Ventuno persone e diciannove imprese sono coinvolte in un’indagine avviata dalla Procura di Como e condotta dalla Guardia di Finanza su una colossale frode fiscale da 21 milioni di euro avvenuta nell’ambito del facchinaggio e dei trasporti per la Grande distribuzione organizzata. Al centro del lavoro investigativo ci sono diciassette cooperative, un consorzio e una società Srl operanti nella provincia di Como, che tra il 2015 e il 2022, gli inquirenti non hanno fornito il nome degli indagati, comunicando solo che il consorzio e la Srl sarebbero i capogruppo di questa rete e spiegando il meccanismo della frode.
Alcune società del raggruppamento avrebbero emesso fatture per operazioni inesistenti per un valore di 21.127.751,54 euro alle altre, che così hanno potuto evadere 4.247.202 euro.

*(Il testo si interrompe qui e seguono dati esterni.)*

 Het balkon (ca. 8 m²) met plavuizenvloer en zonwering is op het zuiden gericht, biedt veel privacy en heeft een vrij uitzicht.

Inoltre, avrebbero omesso di presentare la dichiarazione dei redditi, evadendo così altri 1.644.504 euro e usato indebite compensazioni d’imposta, con un’evasione di altri 1.833.342 euro. Grazie a questa evasione, le imprese del raggruppamento potevano offrirsi sul mercato a tariffe più basse della concorrenza.

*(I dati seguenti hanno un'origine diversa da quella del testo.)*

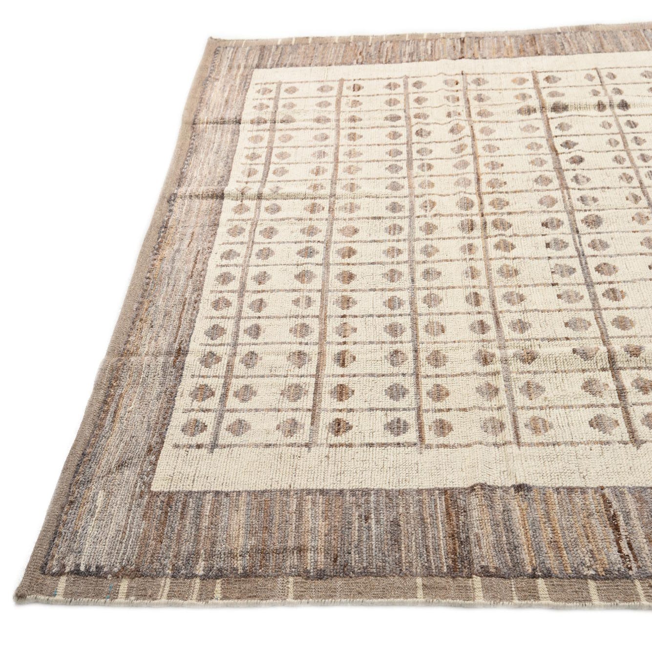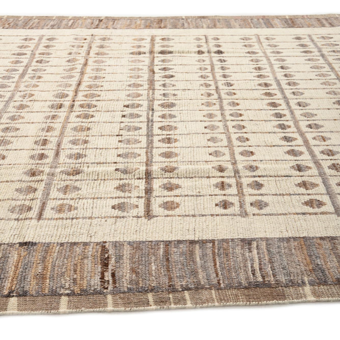 This Moroccan Collection rug is a tasteful addition to any space, offering a refined touch with its hand-knotted construction of 100% wool. The dimensions are a versatile 8x10, fitting well in a variety of room sizes. The design features a symmetrical pattern of geometric motifs, gracefully spread across a beige background, bordered with complementary shades of brown that lend an earthy warmth to the piece.

La Finanza ha ricostruito questo meccanismo tramite accertamenti documentali e bancari, che hanno individuato cooperative tenute in vita per brevi periodi, che non pagavano le imposte. Queste società “cartiere” avevano il compito di assumere lavoratori, che di fatto erano gestiti dal consorzio e dalla Srl. Queste ultime due erano in regola dal punto di vista fiscale e svolgevano solo attività direzionali e amministrative. Le cooperative emettevano alle capogruppo fatture che addebitavano falsi costi per il personale, permettendo loro di abbattere il debito Iva e di non pagare i contributi dei lavoratori. Se questi ultimi fossero stati assunti dal consorzio o dalla Srl, questi non avrebbero potuto generare Iva a credito.

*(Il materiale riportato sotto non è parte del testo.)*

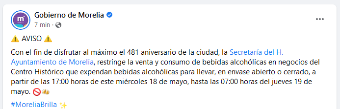 Redacción / La Voz de Michoacán Morelia, Michoacán. Con motivo del 481 aniversario de Morelia, a partir de las 17 horas de este miércoles se restringirá la venta y consumo de bebidas alcohólicas en negocios del centro histórico de la capital michoacana. A través de sus redes sociales, el gobierno de Morelia informa que está restricción va para quienes vendan bebidas para llevar, en envase abierto o cerrados y terminará hasta las 7 de la mañana de este jueves 19 de mayo. La ciudad de Valladolid, hoy Morelia, fue fundada el 18 de mayo de 1541 en el valle de Guayangareo, por disposición del virrey Don Antonio de Mendoza y a instancia de varios españoles avecindados en Michoacán. Se fundó con el propósito de conformar una ciudad capital donde residieran las autoridades civiles y eclesiásticas que hicieran posible la administración y el orden colonial, la cual denominarían Nueva Ciudad de Mechuacan. Morelia ha tenido diversos nombres, en su fundación recibió el nombre de “Mechuacán”, más adelante en 1548 el de Valladolid y en 1848 Morelia, en honor al siervo de la nación, José Ma. Morelos y Pavón. El centro histórico de la ciudad, fue declarado por la UNESCO como “Patrimonio Cultural de la Humanidad”, en diciembre de 1991, por conservar y poseer monumentos históricos y arquitectónicos en su mayoría de la época colonial. Foto: Samuel Herrera. FESTEJO EN GRANDE Un amplio programa de actividades artísticas, gastronómicas y culturales, se harán presentes este miércoles por el aniversario de la fundación de Morelia. Actividades culturales en el Ceconexpo, el Colegio de Morelia y el Museo del Espado para como una función de cine en el parque principal de Villas del Pedregal, a las 19:00 horas, para dar paso a los eventos estelares del día. Por la noche será el encendido especial de Catedral y la presentación de Bronco, en la avenida Madero, a las 20:00 horas. El alcalde Alfonso Martínez Alcázar señaló que será un festejo como nunca antes visto, por lo que instruyó a los titulares de las diversas dependencias municipales competentes a poner todo el empeño en las más de 100 actividades.

I soldi versati alle cooperative, oltre a pagare i lavoratori, erano usati dagli organizzatori della frode mediante prelievi per contanti, assegni o con bonifici bancari in favore di loro stessi, a pagamento di propri compensi o utilizzate per spese personali. Commettendo un altro illecito, perché le cooperative non possono avere scopo di lucro. Dopo un paio d’anni di attività, le coop erano chiuse per riaprirne altre con gli stessi lavoratori (inquadrati come soci lavoratori a loro insaputa) committenti. In tutti i casi, i responsabili erano prestanome, che si assumevano le responsabilità penali e tributarie.
Al termine dell’indagine, la Procura ha stabilito quattordici misure cautelari, tra cui nove in carcere, quattro ai domiciliari e un obbligo di presentazione all'Autorità giudiziaria e il sequestro preventivo per un ammontare di 7,7 milioni di euro.